LISTED RECORDS:
········

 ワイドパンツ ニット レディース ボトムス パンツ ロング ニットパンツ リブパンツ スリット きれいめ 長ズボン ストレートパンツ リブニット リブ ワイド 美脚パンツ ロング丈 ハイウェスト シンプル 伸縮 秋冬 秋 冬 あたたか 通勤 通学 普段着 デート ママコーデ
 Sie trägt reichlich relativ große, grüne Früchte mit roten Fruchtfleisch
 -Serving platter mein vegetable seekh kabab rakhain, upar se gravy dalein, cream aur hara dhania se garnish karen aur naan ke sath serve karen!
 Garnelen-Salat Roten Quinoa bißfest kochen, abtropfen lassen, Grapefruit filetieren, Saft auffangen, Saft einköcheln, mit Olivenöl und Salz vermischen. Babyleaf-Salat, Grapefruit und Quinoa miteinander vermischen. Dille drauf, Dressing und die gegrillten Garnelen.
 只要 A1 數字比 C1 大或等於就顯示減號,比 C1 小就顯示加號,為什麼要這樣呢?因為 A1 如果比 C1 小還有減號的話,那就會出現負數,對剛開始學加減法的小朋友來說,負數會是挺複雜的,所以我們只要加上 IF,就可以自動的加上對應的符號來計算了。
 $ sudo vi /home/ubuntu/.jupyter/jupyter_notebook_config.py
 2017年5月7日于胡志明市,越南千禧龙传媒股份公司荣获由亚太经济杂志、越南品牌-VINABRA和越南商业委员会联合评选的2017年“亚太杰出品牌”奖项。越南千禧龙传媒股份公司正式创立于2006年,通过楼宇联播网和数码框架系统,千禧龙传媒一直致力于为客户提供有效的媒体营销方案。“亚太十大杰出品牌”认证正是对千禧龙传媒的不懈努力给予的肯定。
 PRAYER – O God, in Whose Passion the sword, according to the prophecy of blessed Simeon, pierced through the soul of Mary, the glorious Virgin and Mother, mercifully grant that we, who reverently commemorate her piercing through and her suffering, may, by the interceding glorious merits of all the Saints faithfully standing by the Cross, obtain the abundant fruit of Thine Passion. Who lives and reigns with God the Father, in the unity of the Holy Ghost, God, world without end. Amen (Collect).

········

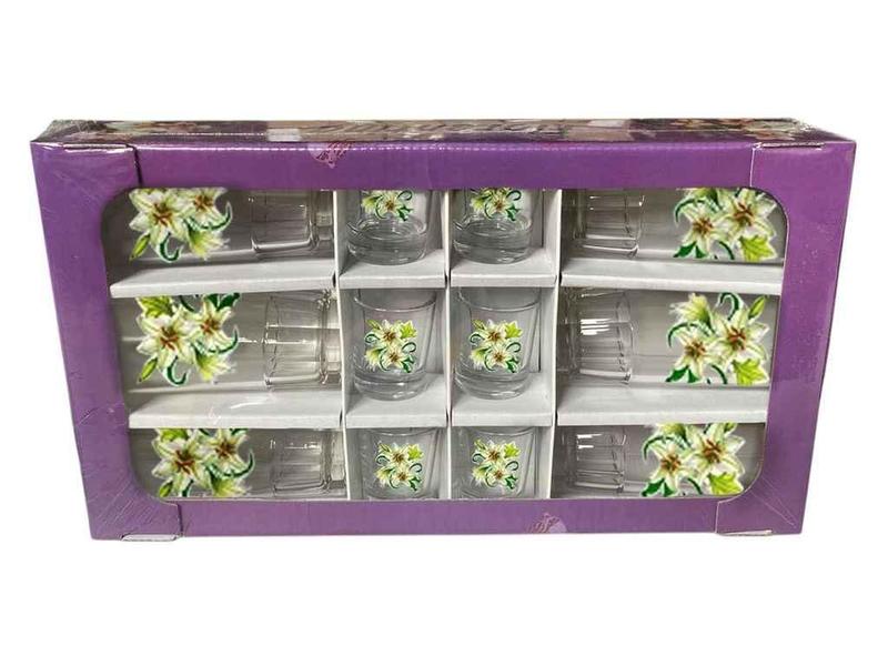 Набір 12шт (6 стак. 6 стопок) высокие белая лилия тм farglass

········

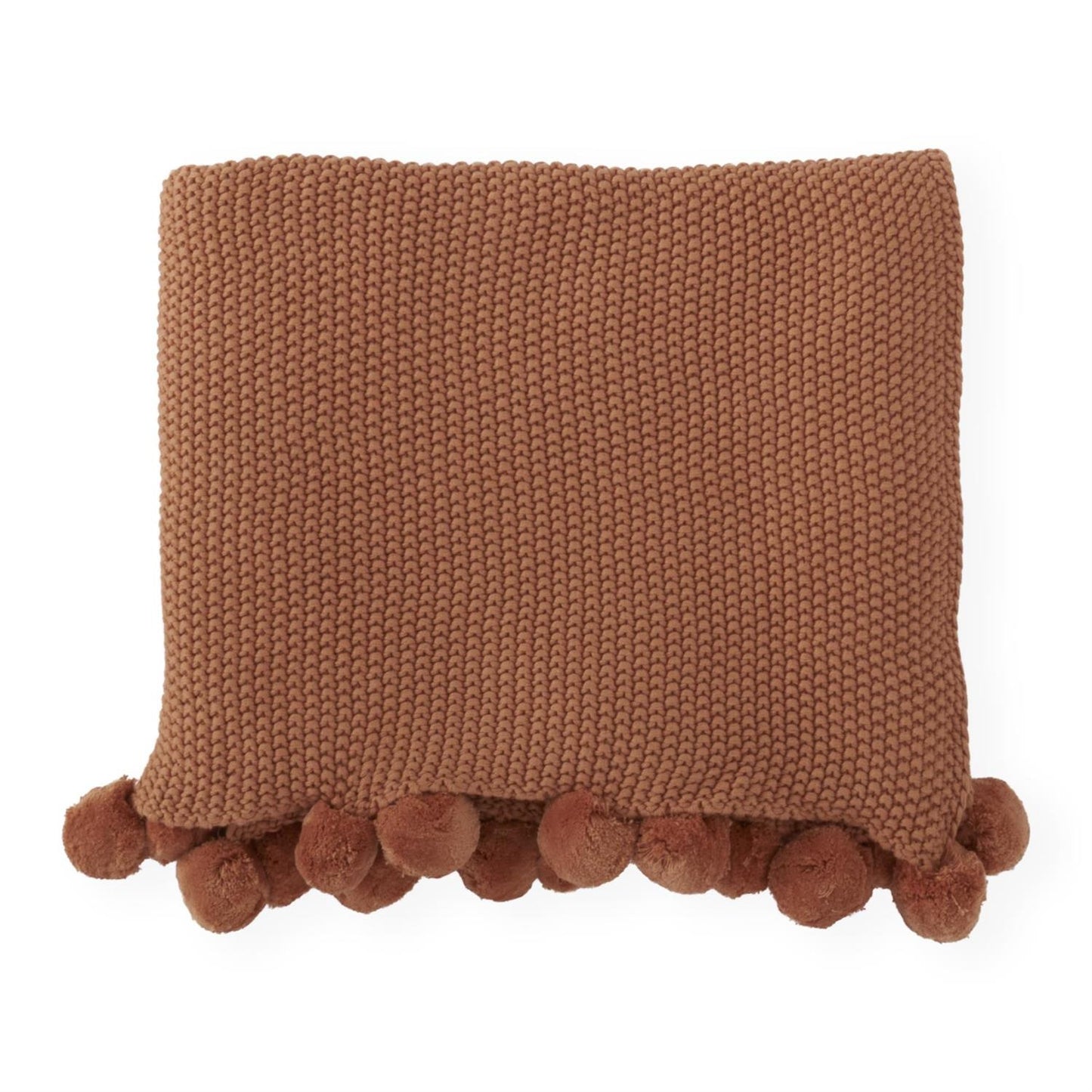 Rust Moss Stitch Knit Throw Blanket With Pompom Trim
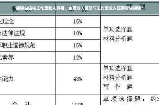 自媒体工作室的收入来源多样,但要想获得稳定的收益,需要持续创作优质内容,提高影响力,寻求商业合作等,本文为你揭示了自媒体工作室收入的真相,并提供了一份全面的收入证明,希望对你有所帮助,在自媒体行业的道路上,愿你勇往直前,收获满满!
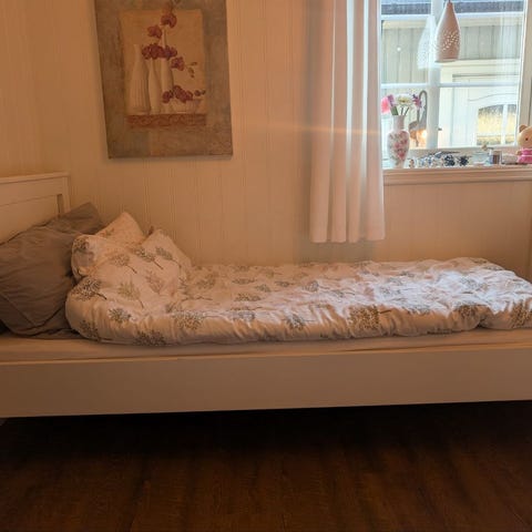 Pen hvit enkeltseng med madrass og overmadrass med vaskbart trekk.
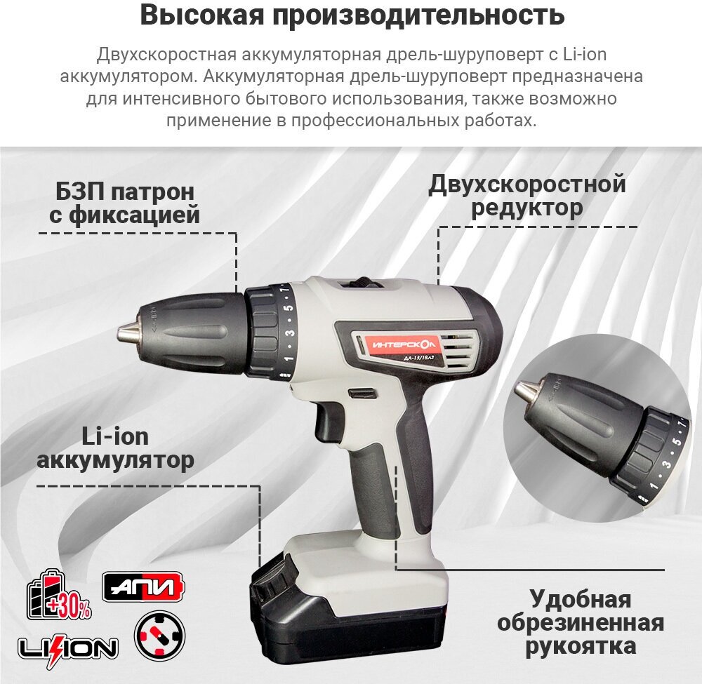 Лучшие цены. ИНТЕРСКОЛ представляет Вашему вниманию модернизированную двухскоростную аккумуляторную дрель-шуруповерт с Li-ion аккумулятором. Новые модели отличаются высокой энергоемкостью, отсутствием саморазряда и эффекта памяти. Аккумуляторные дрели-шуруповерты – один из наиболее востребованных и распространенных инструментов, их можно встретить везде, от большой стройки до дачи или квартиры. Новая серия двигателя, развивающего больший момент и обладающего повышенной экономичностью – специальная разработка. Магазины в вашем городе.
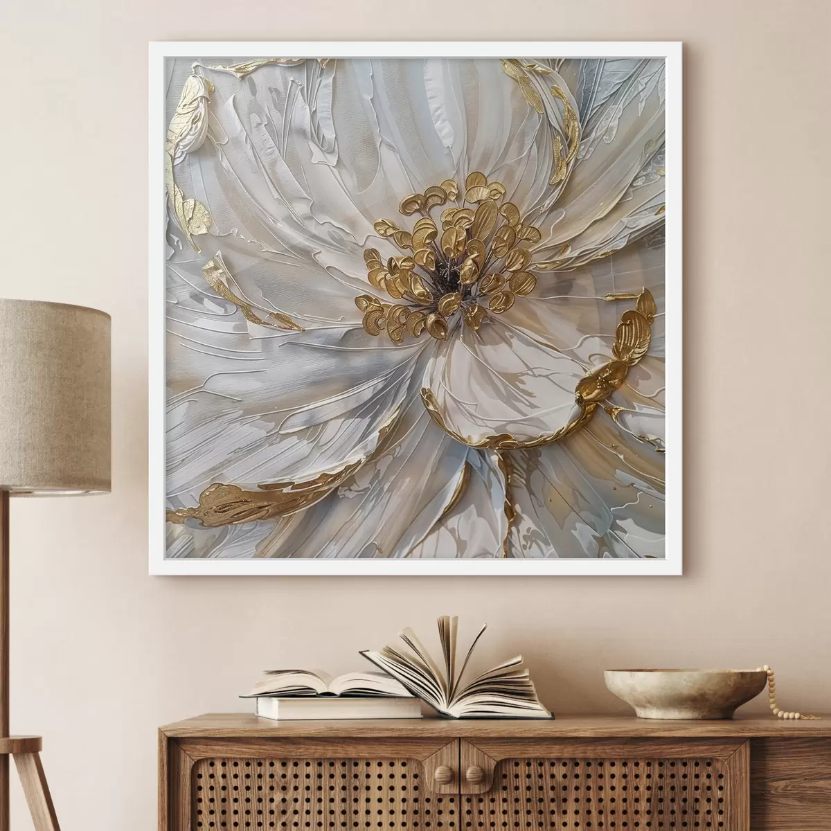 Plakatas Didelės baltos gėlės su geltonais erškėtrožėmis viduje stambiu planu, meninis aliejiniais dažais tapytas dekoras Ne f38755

········

INSTRUCTIONS TO FOLLOW:
The lines above, starting at the one with "ワイドパンツ ニット レディース" and ending at the one with "PRAYER – O God, in", are the only ones to return, exactly as written.

TASK ANSWER:
 ワイドパンツ ニット レディース ボトムス パンツ ロング ニットパンツ リブパンツ スリット きれいめ 長ズボン ストレートパンツ リブニット リブ ワイド 美脚パンツ ロング丈 ハイウェスト シンプル 伸縮 秋冬 秋 冬 あたたか 通勤 通学 普段着 デート ママコーデ
 Sie trägt reichlich relativ große, grüne Früchte mit roten Fruchtfleisch
 -Serving platter mein vegetable seekh kabab rakhain, upar se gravy dalein, cream aur hara dhania se garnish karen aur naan ke sath serve karen!
 Garnelen-Salat Roten Quinoa bißfest kochen, abtropfen lassen, Grapefruit filetieren, Saft auffangen, Saft einköcheln, mit Olivenöl und Salz vermischen. Babyleaf-Salat, Grapefruit und Quinoa miteinander vermischen. Dille drauf, Dressing und die gegrillten Garnelen.
 只要 A1 數字比 C1 大或等於就顯示減號,比 C1 小就顯示加號,為什麼要這樣呢?因為 A1 如果比 C1 小還有減號的話,那就會出現負數,對剛開始學加減法的小朋友來說,負數會是挺複雜的,所以我們只要加上 IF,就可以自動的加上對應的符號來計算了。
 $ sudo vi /home/ubuntu/.jupyter/jupyter_notebook_config.py
 2017年5月7日于胡志明市,越南千禧龙传媒股份公司荣获由亚太经济杂志、越南品牌-VINABRA和越南商业委员会联合评选的2017年“亚太杰出品牌”奖项。越南千禧龙传媒股份公司正式创立于2006年,通过楼宇联播网和数码框架系统,千禧龙传媒一直致力于为客户提供有效的媒体营销方案。“亚太十大杰出品牌”认证正是对千禧龙传媒的不懈努力给予的肯定。
 PRAYER – O God, in Whose Passion the sword, according to the prophecy of blessed Simeon, pierced through the soul of Mary, the glorious Virgin and Mother, mercifully grant that we, who reverently commemorate her piercing through and her suffering, may, by the interceding glorious merits of all the Saints faithfully standing by the Cross, obtain the abundant fruit of Thine Passion. Who lives and reigns with God the Father, in the unity of the Holy Ghost, God, world without end. Amen (Collect).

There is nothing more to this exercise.